À l’instar des groupes écologistes qui estiment que « GNL Québec coûterait cher à Hydro-Québec », Mme de Tilly se demande où la société d’État trouvera les ressources pour répondre à cette demande. Puisque l’usine nécessitera un approvisionnement constant et de grande puissance, elle juge que la réalisation de ce projet pourrait favoriser le renouvellement du contrat de la centrale au gaz naturel de Bécancour, qui se termine en 2026.


Hydro-Québec affirme toutefois que « l’utilisation de la centrale de Bécancour ne fait pas partie de nos plans pour répondre à la demande des besoins anticipés à partir de 2026 ». Cette centrale appartenant à TCE Energy, pratiquement inutilisée depuis son ouverture en 2006, aura coûté près de 2 milliards de dollars aux Québécois à la fin du présent contrat.
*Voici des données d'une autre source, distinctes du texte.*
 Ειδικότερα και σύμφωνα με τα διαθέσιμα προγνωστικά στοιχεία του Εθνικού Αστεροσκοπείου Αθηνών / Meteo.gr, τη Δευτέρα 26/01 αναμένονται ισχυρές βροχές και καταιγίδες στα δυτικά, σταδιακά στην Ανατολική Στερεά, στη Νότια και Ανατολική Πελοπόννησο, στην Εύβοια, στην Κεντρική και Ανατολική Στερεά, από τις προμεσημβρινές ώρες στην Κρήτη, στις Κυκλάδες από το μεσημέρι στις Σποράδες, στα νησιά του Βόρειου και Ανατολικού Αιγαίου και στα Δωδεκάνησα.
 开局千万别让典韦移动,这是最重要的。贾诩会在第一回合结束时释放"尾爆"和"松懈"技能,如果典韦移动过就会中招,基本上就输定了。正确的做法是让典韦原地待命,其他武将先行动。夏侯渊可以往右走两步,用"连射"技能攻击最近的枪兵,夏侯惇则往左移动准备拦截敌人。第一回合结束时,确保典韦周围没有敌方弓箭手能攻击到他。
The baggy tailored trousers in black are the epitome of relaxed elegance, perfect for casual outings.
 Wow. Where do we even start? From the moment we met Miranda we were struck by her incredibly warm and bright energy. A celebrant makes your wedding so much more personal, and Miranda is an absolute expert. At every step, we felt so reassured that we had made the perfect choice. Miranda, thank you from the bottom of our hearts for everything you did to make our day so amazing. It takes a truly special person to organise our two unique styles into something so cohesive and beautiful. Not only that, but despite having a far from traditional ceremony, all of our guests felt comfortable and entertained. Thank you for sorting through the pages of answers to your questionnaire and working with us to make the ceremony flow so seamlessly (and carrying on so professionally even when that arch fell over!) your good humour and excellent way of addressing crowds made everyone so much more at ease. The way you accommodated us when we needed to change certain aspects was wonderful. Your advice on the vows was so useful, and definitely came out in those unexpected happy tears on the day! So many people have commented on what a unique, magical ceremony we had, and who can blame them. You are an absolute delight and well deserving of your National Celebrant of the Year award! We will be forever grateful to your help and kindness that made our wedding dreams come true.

Elle sert à produire de l’électricité à partir de gaz naturel exploité surtout par fracturation.


Lobbying pour une usine et un gazoduc


Selon les informations disponibles au Registre des lobbyistes du Québec le jeudi 25 février, GNL Québec a un total de sept lobbyistes inscrits. Leur mandat comprend des « démarches » afin de convaincre le gouvernement du Québec d’accorder de la « puissance hydroélectrique », mais aussi un « soutien financier » en vue de la réalisation du projet d’usine de liquéfaction et d’exportation de gaz naturel albertain.


Gazoduq, qui doit construire le gazoduc de 780 kilomètres qui alimenterait l’usine, a également un total de sept lobbyistes inscrits. Leurs démarches comprennent des « communications » en vue « d’obtenir le soutien financier du gouvernement ». Leur mandat précise que « les sommes pourraient notamment servir à l’embauche de main-d’oeuvre et éventuellement à financer une partie des coûts du développement et de la construction du projet ».


Enfin, les quatre lobbyistes inscrits de la Fédération des chambres de commerce du Québec (FCCQ) ont eux aussi un mandat de promotion du projet d’usine et de gazoduc auprès du gouvernement. Pour la FCCQ, « le gaz naturel s’inscrit dans un contexte de pensée globale, et dans une logique de transition énergétique et de diminution des gaz à effet de serre, notamment dans les pays utilisant toujours le mazout ou le charbon comme principale source d’énergie ».